A pair of Ultramarines rushed forward carrying melta bombs to bring the spire down with. The rest arrayed themselves to hold off the enemy. Allectius turned his attention to helping with the defence. A plasma blast scattered fragments of a warrior across several feet. His pistol coughed, its fuel expended once and for all. Reverently he holstered the ancient weapon and reached over his shoulder. Conciliator drew smoothly, the power field igniting in a flash of brilliant blue-white.

The pressure was only growing. A strange construct picked its way among the wreckage of the dead. It was tall, a smallish body mounted on great gangling legs. Grasping claws dangled before it, collecting shattered remnants. Silvery beams flickered from an orb on the abdomen. Everywhere they touched, destroyed necrons knitted themselves back together. They staggered to their feet and marched to rejoin the onslaught.
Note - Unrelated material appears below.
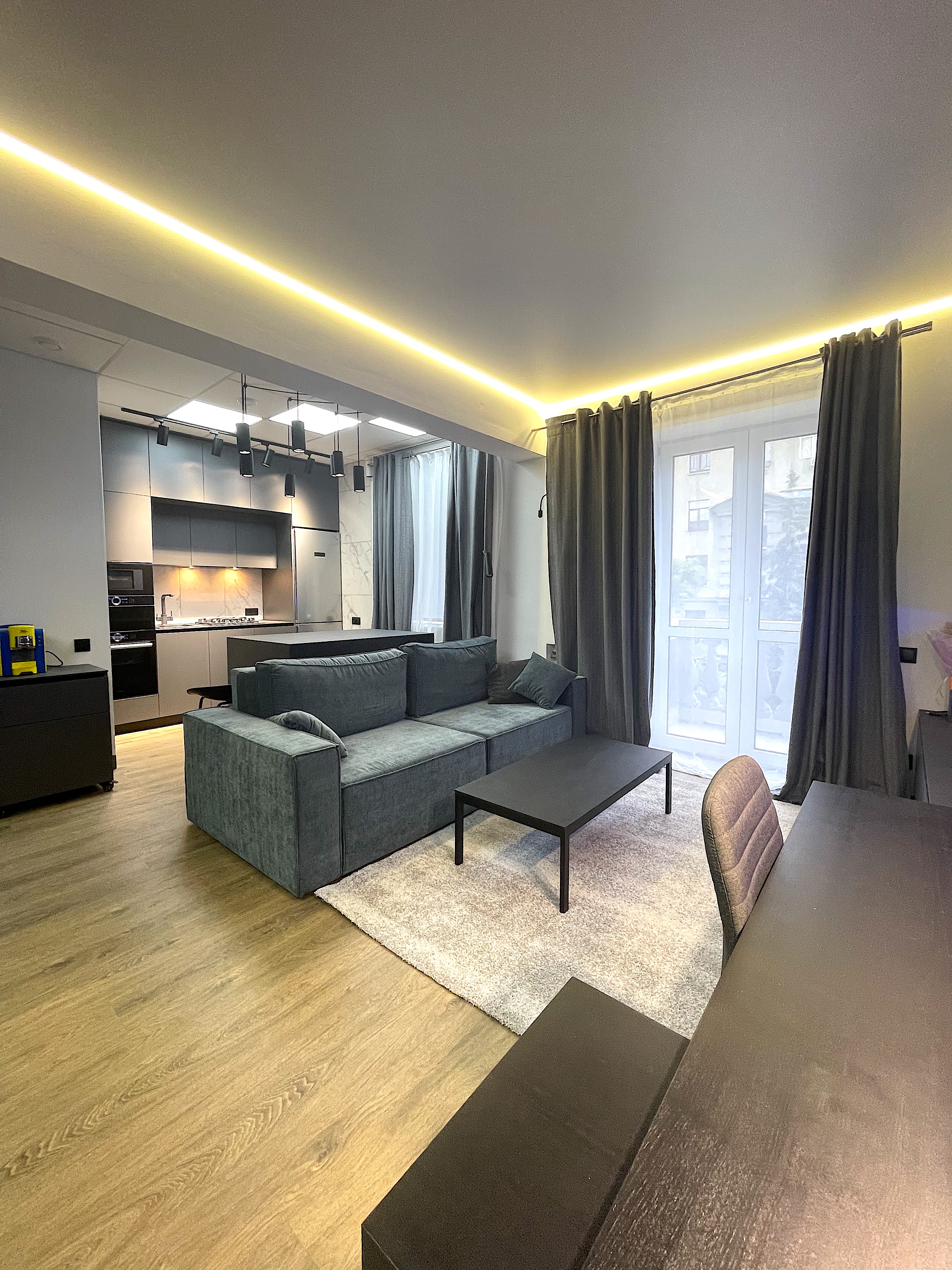 Загальна площа квартири складає 55м², і вона пропонує вам ідеальне поєднання: простору кухні-вітальні, величезної спальні, санітарного вузла та розкішного балкону з неймовірним, захоплюючим видом на бутікову зону міста.

‘Reanimator!’ Allectius called, unable to reach it himself.

The Judiciar was there. Heedless of the mortal danger he was in, Bittrien cleaved his way through the enemy ranks. The sheer impact of his charge scattered warriors. A green beam plucked at his shoulder, dissolving armour and flesh at a go. The arm fell limp, but the warrior of the Reclusiam did not even slow. He forged ahead, tearing free of the mob to reach the construct. A mighty sweep of his greatsword hacked away two of the legs in a single strike. The body toppled, and Bittrien planted one foot on it before driving his blade in. The construct spasmed uncontrollably before going still.

A storm of catastrophic energy struck the Doom Eagle. One moment the grim champion stood, the next he was simply gone, disintegrated. Ash upon a bitter wind.
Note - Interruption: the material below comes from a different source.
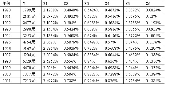 (注:表中Y为新疆人均国内生产总值;x1为新疆人均国内生产总值与全国的比值;x2、x3、x4、x5、x6分别为新疆交通运输设备制造业的企业数、职工人数、固定资产净值、工业总产值、税前利润与全国的比值。

‘Vermin,’ sneered a cold voice that echoed over the battlefield.

That ravening power and the voice tracked to the same place. A figure had emerged from a nearby Eternity Gate. It hovered above the ground as if disdaining anything so mundane as walking, writhing coils under its torso projecting some strange field that held it aloft. Esoteric bolts arced from technomantic nodules on its back. It spun an eldritch staff, still burning with the energies that had destroyed the Judiciar, and glared about the battlefield with a single emerald optical orb.
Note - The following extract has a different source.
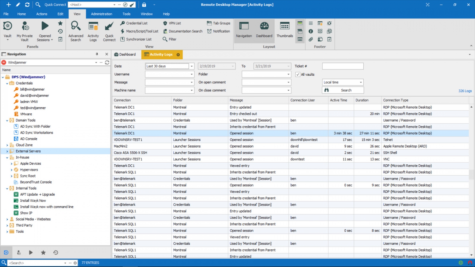 โปรแกรมรีโมทคอมพิวเตอร์ รุ่นองค์กรธุรกิจ Remote Desktop Manager Enterprise สามารถ เฝ้าดู ตรวจสอบ และวิเคราะห์ เวลาที่ผู้ใช้งานแต่ละคนใช้ไปกับการเข้าถึงเครื่อง คอมพิวเตอร์/เซิร์ฟเวอร์ เพื่อตรวจสอบประสิทธิภาพ และความถูกต้องเหมาะสม ในการทำงานของทีมงานผู้ดูแลระบบแต่ละคน โดยมี Activity Log ที่เก็บบันทึกข้อมูลว่า แต่ละการเชื่อมต่อดำเนินการโดย ใคร เมื่อไหร่ และอย่างไร รวมถึงยังสามารถเฝ้าดูแบบเรียลไทม์ว่าในขณะนี้ มีผู้ใช้งานคนไหนกำลังทำการเชื่อมต่ออยู่บ้าง

‘Vermin,’ it repeated. It spoke perfect Gothic, in mechanised tones bereft of any hint of a soul. ‘Scrabbling little nothings, clawing at the works of your betters. You survive only so long as you escape our attention, and now you have it.

Gnaeus felt that senseless terror well up in him even before he saw them. Warriors marched in rank, their gauss flayers held before them. The green beams were already flickering out, stripping flesh and life from the refugees as they desperately sought somewhere to run to.

A larger one walked behind them, even more heavily armoured and intricately decorated than the Immortals he had seen. There was something in the gleam of its optics and the way it carried itself that spoke of not just intelligence but personality. It carried a gauss weapon of its own, but held it up with an air of contempt, as if unwilling to waste its talents on such paltry targets. It seemed willing to leave its servants to slaughter the helpless humans.

For one eternal moment, the question of what drove him confronted him again. Amidst all these easy, scattering targets Gnaeus likely wouldn’t even draw attention. He could flee to the shuttle himself, demand they take off. Save himself. The other option, some desperate effort to save these battered souls, would likely only result in death. To sacrifice himself for a goal was one thing, but to die for nothing?

The Space Marines had asked them to be the blade, however. To make a stand, regardless of the cost.

‘Get on board the shuttle!’ Gnaeus roared. It startled him, as if it wasn’t even his voice.

It was enough to shake some of them from their terror, to get them funnelling towards the waiting hatch. They were still getting slaughtered, however. He had to draw the necrons’ attention. Even if only for a moment. Even if he only saved one life by doing so.

Gnaeus grasped his shotgun with both hands and blasted the nearest warrior. It staggered, and the second round put it on the ground. He switched to the next target as fast as he could, tearing off one of its arms with two shells before the third smashed into its torso and knocked it to the ground as well. The armoured one was looking at him now, eyes cold. He fired a shell right at it, a desperate act of defiance, sparks flashing where the pellets glanced from its plating.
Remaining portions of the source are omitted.